We use -r (recursive) parameter for recursive remove, and -f (force) to ignore nonexistent files (since folder/files may not be introduced to the repository within the commits range on which we do branch filter).
You can also specify range between commits, where you like to filter:
git filter-branch --tree-filter 'rm -rf vendor/gems' 7b3072c..HEAD
First commit is not being filtered.
If you subsequently try to do branch filters, you should provide -f option to filter-branch to overwrite the backup in refs/original/ where git stores the original refs from the previous branch filter.
git filter-branch -f --tree-filter 'rm -rf vendor/gems' HEAD
You can also remove original refs by hand, or do some backup to other location.
rm -rf .git/refs/original/
Permanently removing files from repository is same as folders:
git filter-branch --tree-filter 'rm filename' HEAD
There are few branch filter types (you can check the documentation), but the one we use here --tree-filter is for rewriting the tree and its contents. You can also use --index-filter which is similar to --tree-filter but does not check the tree, and it goes much faster.

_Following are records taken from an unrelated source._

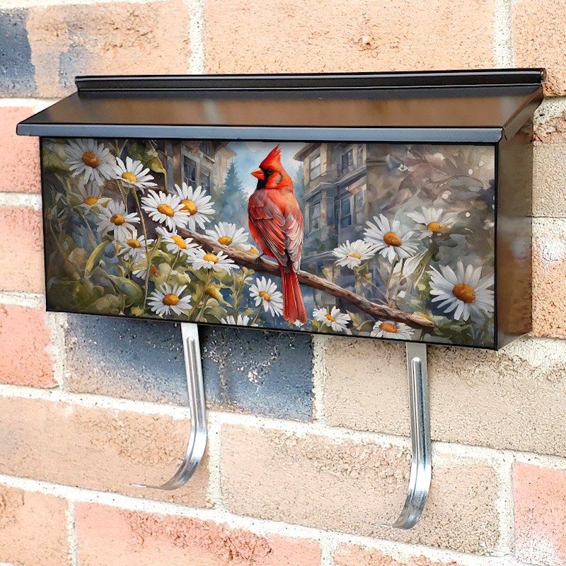 Applying your Beautiful Cardinal and Daisies townhouse / ranch mailbox cover it’s pretty easy to convert your mailbox to a special and unique item. These covers require a flat surface, so they work with townhouse / ranch mailboxes that do not have any embossed decoration or signs. Magnetic mailbox covers work with steel boxes, for aluminum and plastic boxes we offer the self-adhesive vinyl covers. In case your mailbox doesn’t work with these covers, you can purchase the preinstalled cover on a brand new mailbox as well. Also, you can create your custom townhouse / ranch mailbox cover using you own pictures, adding your name, street number, etc.
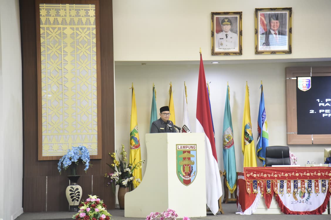 Juru Bicara Fraksi Gerindra, Fauzi Heri, menyampaikan pandangan fraksi dalam rapat paripurna pembahasan tiga Rancangan Peraturan Daerah (Raperda) prakarsa Pemerintah Provinsi Lampung, Kamis (9/10/2025).
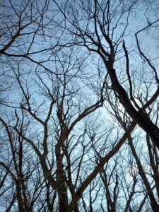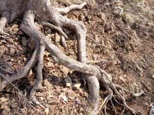一週間程前の樹木には根回りが進んでいましたが、土道の方が勝っているようです。見上げると、青空が広く澄み渡り眩しいほどです。
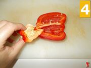 Prendete l'ortaggio e ponetelo sopra un tagliere, dopo con un coltello dalla lama seghettata inizialmente dividetelo in due e dopo eliminate tutte le parti vegetali (4), una volta terminata anche questa lavorazione, con lo stesso coltello iniziate a realizzare delle striscioline molto sottili (5) e dopo lavate il peperone sminuzzato sotto abbondante acqua corrente utilizzando uno scolapasta e sempre strofinando con le mani per eliminare non solo i residui di terra, ma anche i semini bianchi che restano attaccati nella polpa del peperone (6). Una volta ben puliti, lasciate da parte dentro un piattino fondo.
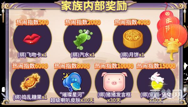 活动结束后,”热闹指数”最高的前十名家族可为家族赢得奖励!
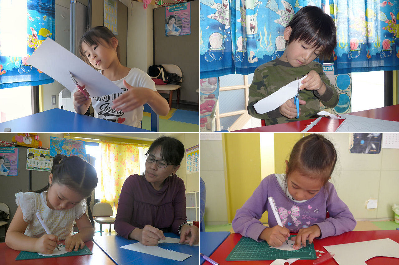 午前の授業中とは打って変わり(!?)、キッズの目は真剣その物で輝いていました。普段の授業の際も こうあってほしいものですが・・・。楽しい作業を英語を交えて実施することにより、自然に・楽しく英語を身に付けてもらうのが工作実習の目的。ですので、スタッフの目論見は大当たりと言えそうです。
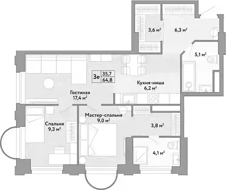 3-к.квартира, 64.8 м², 5 эт. в ЖК Новые Смыслы Корпус 1
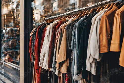 Stylish Clothing Display in a Boutique Window, A boutique clothing rack showcasing elegant coats, jackets, and fashion items in a modern store window
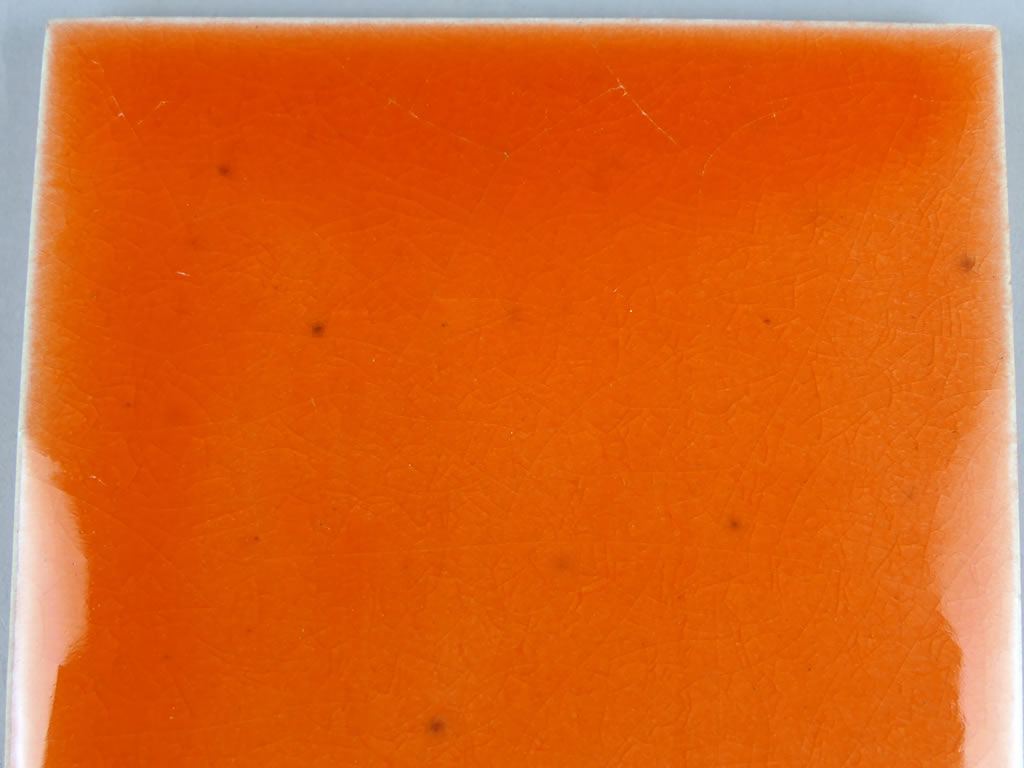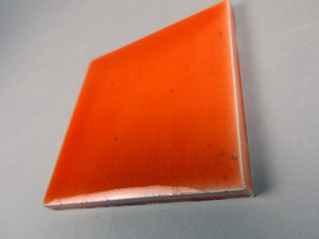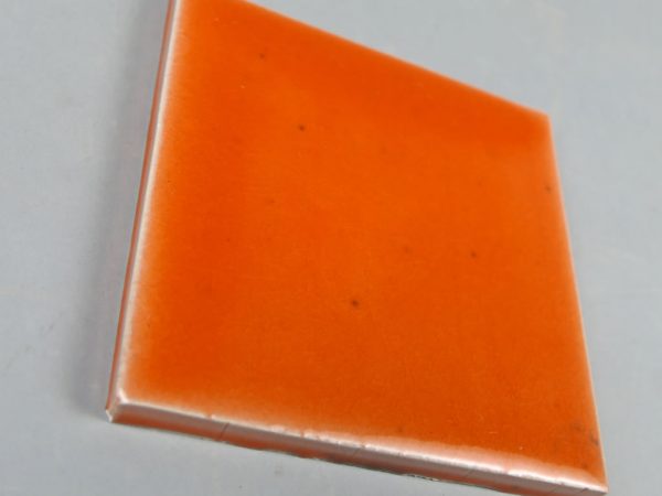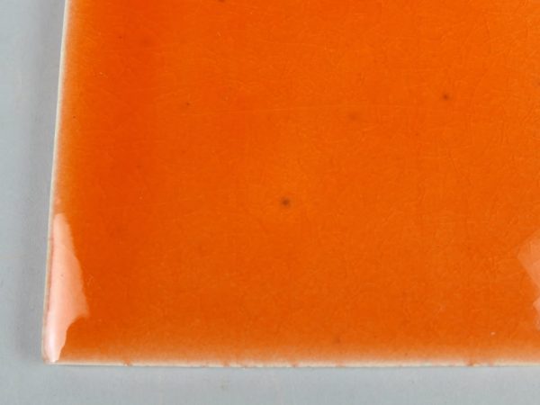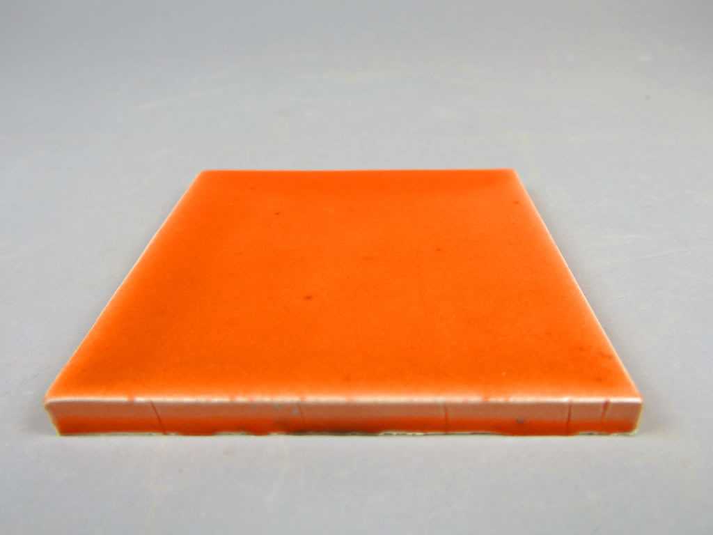 Azulejo de cerámica hecho a mano en barro SuperBlanco esmaltado con esmalte cristal color naranja. Los azulejos se pueden esmaltar con cualquier color en brillo o en mate de la paleta RAL K7 o D2. Consúltenos »
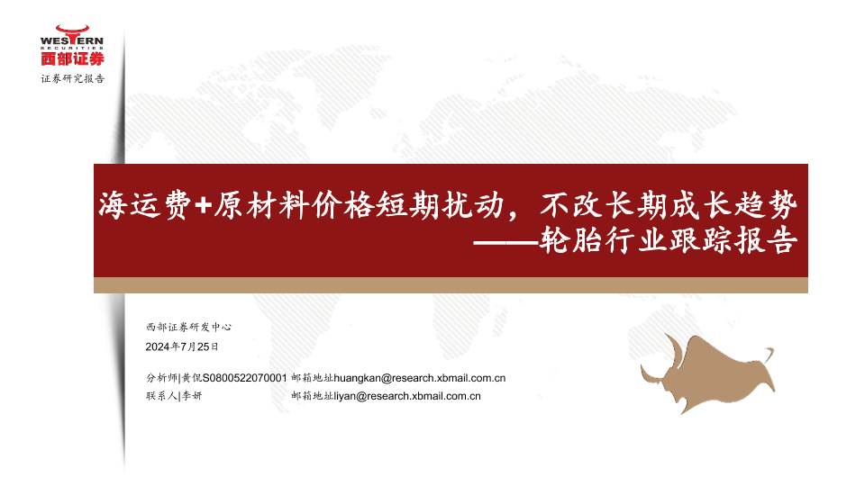 【西部证券】【20240725】轮胎行业跟踪报告:海运费+原材料价格短期扰动,不改长期成长趋势-37页
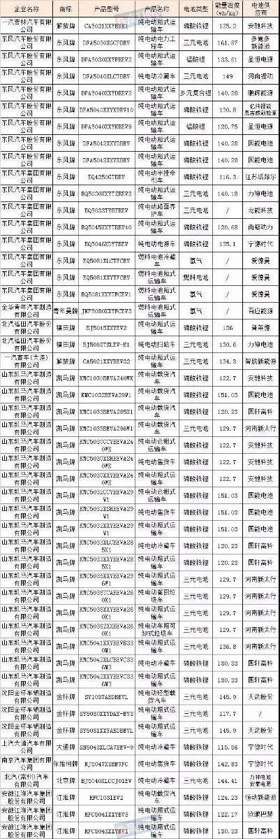從系統(tǒng)能量密度來看,本批目錄中的車型的系統(tǒng)能量密度全部超過115wh/kg,普遍達(dá)到120wh/kg,其中有38款車型系統(tǒng)能量密度達(dá)到140wh/kg以上。其中,系統(tǒng)能量密度最高的車型來自東風(fēng)汽車股份有限公司旗下的一款純電動電力工程車,由多氟多新能源提供。

git filter-branch --index-filter 'git rm --cached --ignore-unmatch filename' HEAD
--ignore-unmatch parameter is used to ignore nonexistent files.

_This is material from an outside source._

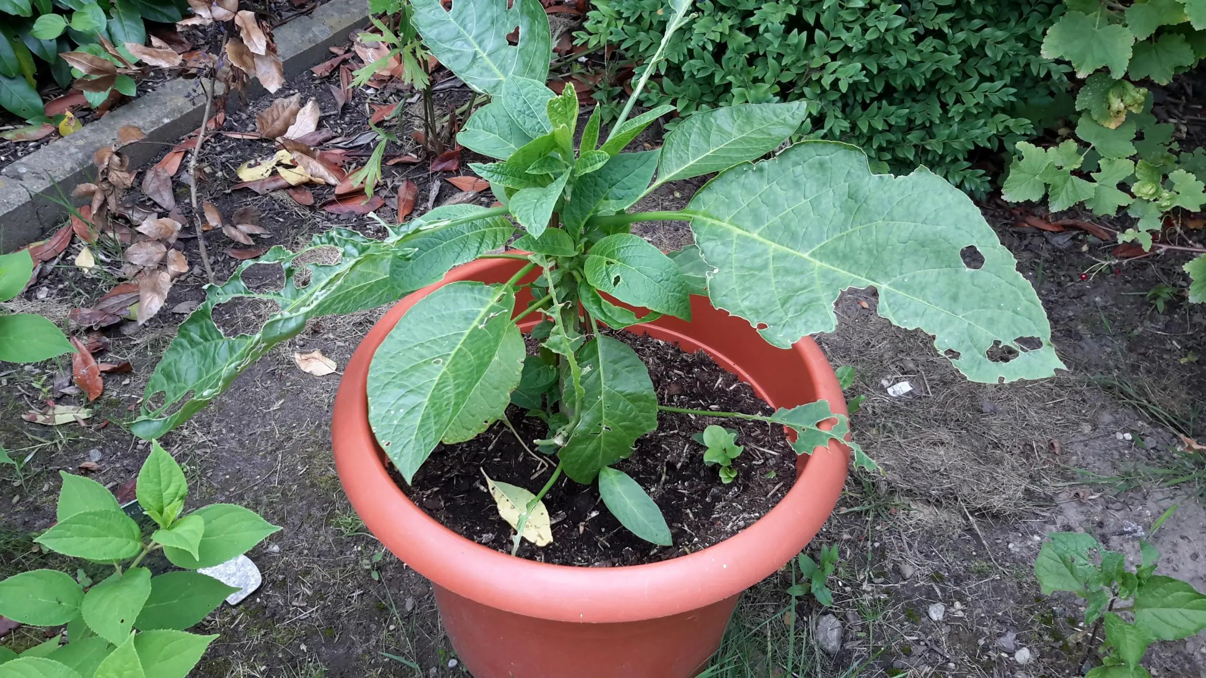 Sie steht im Kübel , damit ihr Schnecken und Co nicht so schnell an den Kragen können.

At the end, don't forget to push the changes to the repository with --force, since this is not a fast forward commit, and the whole history within the commits range we filtered will be rewritten.
git push origin master --force
filter-branch rewrites the history for you, the objects remain in your local repository until they get dereferenced and garbage collected.
To check what's pointing to nuked objects with use the following command. If you have tags and branches in the repo pointing to those objects, you'll most likely see them.
git for-each-ref --format='delete %(refname)' refs/original
To dereference, expire reflog (which by default is 90 days) and force garbage collect, you can do:
git for-each-ref --format='delete %(refname)' refs/original | git update-ref --stdin git reflog expire --expire=now --all git gc --prune=now
You'll need to make sure all branches and tags are pushed to remote (unless you're pushing to a new repo).
git push origin --force --all git push origin --force --tags